Laotian government spokesman Yong Chantalangsy explained that the ASEAN leaders have agreed to coordinate their annual summits with China, Japan and South Korea. "The leaders agreed to hold an East Asia summit, back to back, with the 11th ASEAN summit in Kuala Lumpur in 2005, next year," he said.

Some Asian leaders see such a summit as a possible first step towards creating an East Asia economic union that would link nearly one-third of global economic production.

ASEAN leaders also agreed to hold a first-ever summit with Russia next year. Russia's foreign minister is to sign a treaty of friendship with ASEAN at this week's summit.

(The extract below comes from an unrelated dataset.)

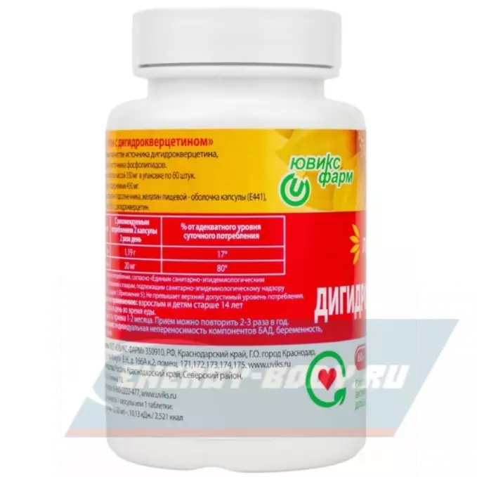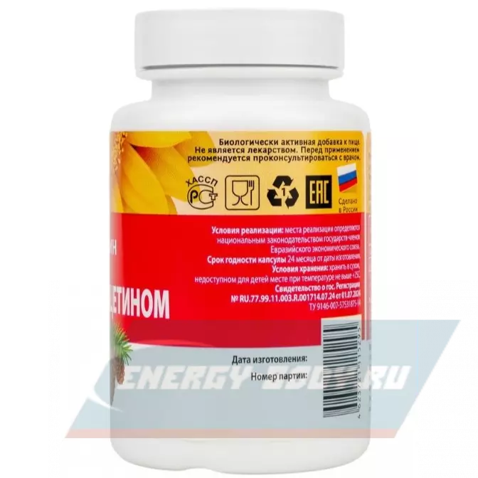 Ингредиенты: лецитин подсолнечника, желатин пищевой - оболочка капсулы (Е441), аэросил - носитель (Е551), дигидрокверцетин.
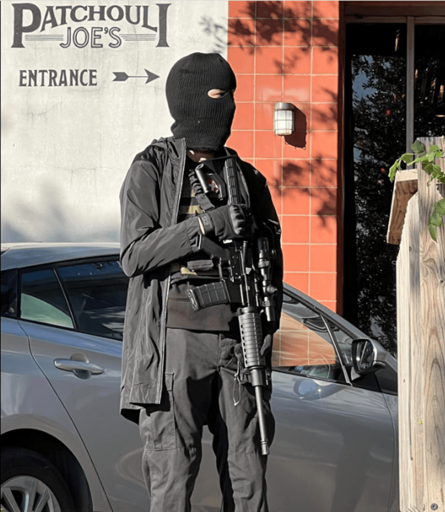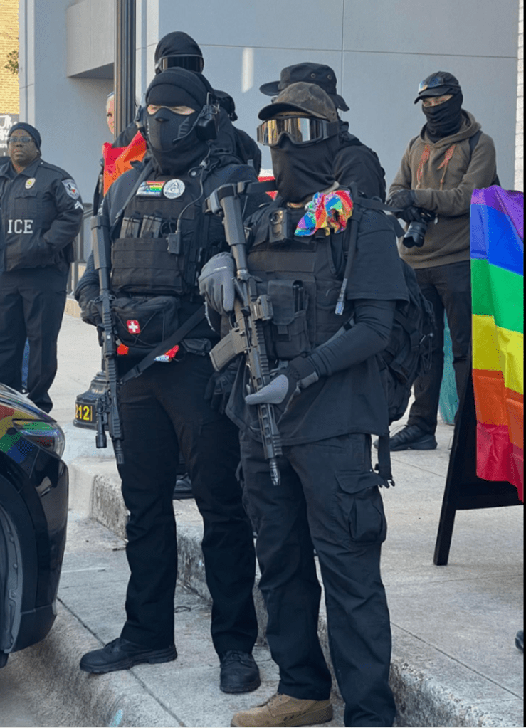 You may have heard of the term “Rainbow Brigade” or “Gay Mafia”, but have you heard of the “Gay Police”? That’s what the LGBTQ armed militia who were “protecting” the transgender grooming hour at the bookstore were referred to by at least one conservative protester at the event.

ASEAN also signed an accord with China to create the world's largest free-trade area. Negotiations on other free-trade areas are already underway with South Korea, Japan and India, and are due to be held with Australia and New Zealand.

ASEAN spokesman Jun Abad noted that within ASEAN, tariffs on most goods have already been reduced to less than five percent. He says the six wealthiest members - Brunei, Indonesia, Malaysia, Singapore, Thailand and the Philippines - agreed Monday to eliminate tariffs altogether in 11 priority sectors.

The 11 sectors, including automobiles, forestry products, textiles and manufactured goods, make up more than one-half of all trade within the group.

"Under this agreement today, the ASEAN-six countries will accelerate the elimination of tariff to 2007 of these 11 priority sectors," said Mr. Abad.

The other four ASEAN members, Burma, Cambodia, Laos and Vietnam, will do the same by 2012. The leaders agreed to create a development fund in order to help these less-developed economies make the transition to a free market.

ASEAN leaders agreed to increase cooperation in security and cultural areas with a view toward turning the group into a regional community by 2010.

Regional businessmen, following a meeting on the margins of the summit, told the leaders that free trade agreements are important, but that more attention should be devoted to improving roads and transportation, and standardizing customs and investment regulations.